18 de mayo de 2017

SHAPE


A los 20 años yo me miraba en el espejo y veía la cara de uno que quería vivir en las cosquillas, suspirar de poesía y música de cantautor, y caminar de la mano de una chica bonita, preferentemente. También veía -en mi cara- que esa chica bonita se iba a parar de pronto y me daría un sonoro beso en mitad de la calle. Suspiraba por mi, me admiraba y necesitaba, y muy bonito todo. Yo le acariciaba los cabellos y sus dedos uno a uno. Me esforzaba en ser alguien con ella y para ella. Como un héroe o algo parecido.

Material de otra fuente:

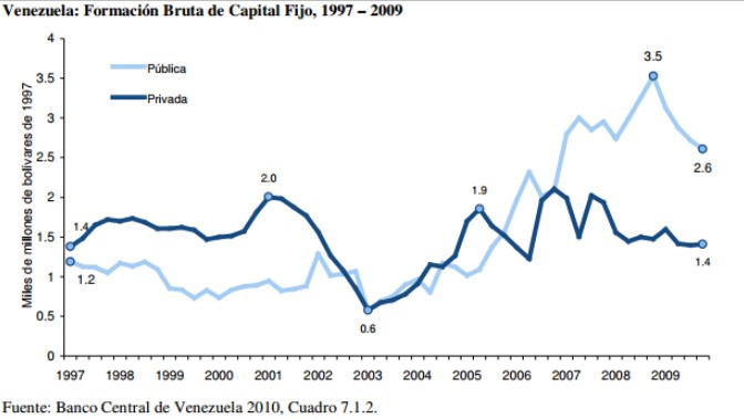 Sin embargo, la política intervencionista del movimiento chavista continuó su camino hasta la actualidad. Como se puede apreciar en el siguiente gráfico, la Formación Bruta de Capital Fijo, es decir, el valor de las adquisiciones de activos fijos, muestra una clara predominancia en este ámbito del sector público sobre el privado y una caída muy notable de este último a raíz del Programa Económico de Transición 1999-2000 de Hugo Chávez.
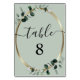 Emerald Hued Eucalyptus on Sage Romantic Calligraphy Wedding Table Number Cards... Emerald-hued watercolor eucalyptus leaves on faux gold metallic frame your reception table numbers on our custom designed wedding table card template. You can easily change the number text on the personalization template... just click on the table number card and enter each number on the template one at a time, adding them to your cart before you make the next one.

Me sentaba a su lado en una montaña o en la orilla del mar, y miraba al frente y respiraba sereno y me sentía pleno en su compañía. Sin mirarla. Sin tocarla. Sin hablarle. Todo como un cuadro de Friedrich, aunque todavía no lo conocía.
Creo que por culpa de un libro de escritos de Tàpies, a los 20 yo tenía cara de poder estar solo y lejos de esa chica, porque yo sabía abrazarla en una taza de leche caliente, y por eso no tenía que quedarme a la desesperada y patética berrea de última hora de la discoteca. Qué va. Yo salía a la calle y buscaba cada día un camino distinto, buscaba los árboles cada día más luminosos, las calles más amables, los cielos más despejados, porque ella -que venía conmigo- los estaba mirando escondida tras mis ojos. Y nada de drogas, eh?
A los 20 yo tenía cara de uno que piensa así las cosas. Nunca había oído la voz de aquella chica bonita, ni la risa. Nunca vi su rostro, no toqué su carne ni supe su nombre. No nos amamos realmente (de eso me voy dando cuenta ahora), pero ella era mi sueño, y yo sabía que me estaba esperando en otro tiempo u otro lugar, y así mientras, yo sacaba la Secundaria. Yo me miraba en el espejo y me veía guapo caminando de la mano del amor que no tenía. Y la vida era suave, y todo iba bien en su compañía. Ahora veo que yo era un hacha de la cuentística europea, sólo que eso en mi pueblo ni se entiende ni está bien visto.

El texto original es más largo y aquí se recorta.